Octopuses can create distracting patterns with waves of dark coloration across the body, a display known as the "passing cloud". Muscles in the skin change the texture of the mantle to achieve greater camouflage. In some species, the mantle can take on the spiky appearance of algae; in others, skin anatomy is limited to relatively uniform shades of one colour with limited skin texture. Octopuses that are diurnal and live in shallow water have evolved more complex skin than their nocturnal and deep-sea counterparts.[104]

A "moving rock" trick involves the octopus mimicking a rock and then inching across the open space with a speed matching that of the surrounding water.[105]

Defence

 
Warning display of greater blue-ringed octopus (Hapalochlaena lunulata)

Aside from humans, octopuses may be preyed on by fishes, seabirds, sea otters, pinnipeds, cetaceans, and other cephalopods.[106] Octopuses typically hide or disguise themselves by camouflage and mimicry; some have conspicuous warning coloration (aposematism) or deimatic behaviour.[104] An octopus may spend 40% of its time hidden away in its den. When the octopus is approached, it may extend an arm to investigate. 66% of Enteroctopus dofleini in one study had scars, with 50% having amputated arms.[106] The blue rings of the highly venomous blue-ringed octopus are hidden in muscular skin folds which contract when the animal is threatened, exposing the iridescent warning.[107] The Atlantic white-spotted octopus (Callistoctopus macropus) turns bright brownish red with oval white spots all over in a high contrast display.[108] Displays are often reinforced by stretching out the animal's arms, fins or web to make it look as big and threatening as possible.[109]

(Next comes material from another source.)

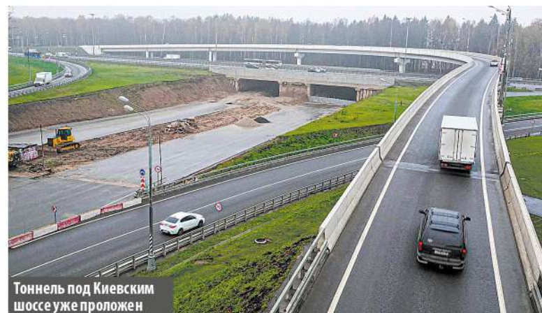
Тоннель под Киевским шоссе уже проложен

– Дорога в перспективе соединит район Солнцево, трассу Солнцево – Бутово – Видное и Киевское шоссе, значительно улучшив дорожную ситуацию на данной территории, в частности для пассажиров общественного транспорта, – цитирует Жидкина портал mos.ru .

Once they have been seen by a predator, they commonly try to escape but can also use distraction with an ink cloud ejected from the ink sac. The ink is thought to reduce the efficiency of olfactory organs, which would aid evasion from predators that employ smell for hunting, such as sharks. Ink clouds of some species might act as pseudomorphs, or decoys that the predator attacks instead.[110]

When under attack, some octopuses can perform arm autotomy, in a manner similar to the way skinks and other lizards detach their tails. The crawling arm may distract would-be predators. Such severed arms remain sensitive to stimuli and move away from unpleasant sensations.[111] Octopuses can replace lost limbs.[112]

Some octopuses, such as the mimic octopus, can combine their highly flexible bodies with their colour-changing ability to mimic other, more dangerous animals, such as lionfish, sea snakes, and eels.[113][114]

Pathogens and parasites

The diseases and parasites that affect octopuses have been little studied, but cephalopods are known to be the intermediate or final hosts of various parasitic cestodes, nematodes and copepods; 150 species of protistan and metazoan parasites have been recognised.[115] The Dicyemidae are a family of tiny worms that are found in the renal appendages of many species;[116] it is unclear whether they are parasitic or endosymbionts. Coccidians in the genus Aggregata living in the gut cause severe disease to the host. Octopuses have an innate immune system; their haemocytes respond to infection by phagocytosis, encapsulation, infiltration, or cytotoxic activities to destroy or isolate the pathogens. The haemocytes play an important role in the recognition and elimination of foreign bodies and wound repair. Captive animals are more susceptible to pathogens than wild ones.[117] A gram-negative bacterium, Vibrio lentus, can cause skin lesions, exposure of muscle and sometimes death.[118]

Evolution

The scientific name Octopoda was first coined and given as the order of octopuses in 1818 by English biologist William Elford Leach,[119] who classified them as Octopoida the previous year.[2] The Octopoda consists of around 300 known species[120] and were historically divided into two suborders, the Incirrina and the Cirrina.[38] More recent evidence suggests Cirrina is merely the most basal species, not a unique clade.[121] The incirrate octopuses (the majority of species) lack the cirri and paired swimming fins of the cirrates.[38] In addition, the internal shell of incirrates is either present as a pair of stylets or absent altogether.[122]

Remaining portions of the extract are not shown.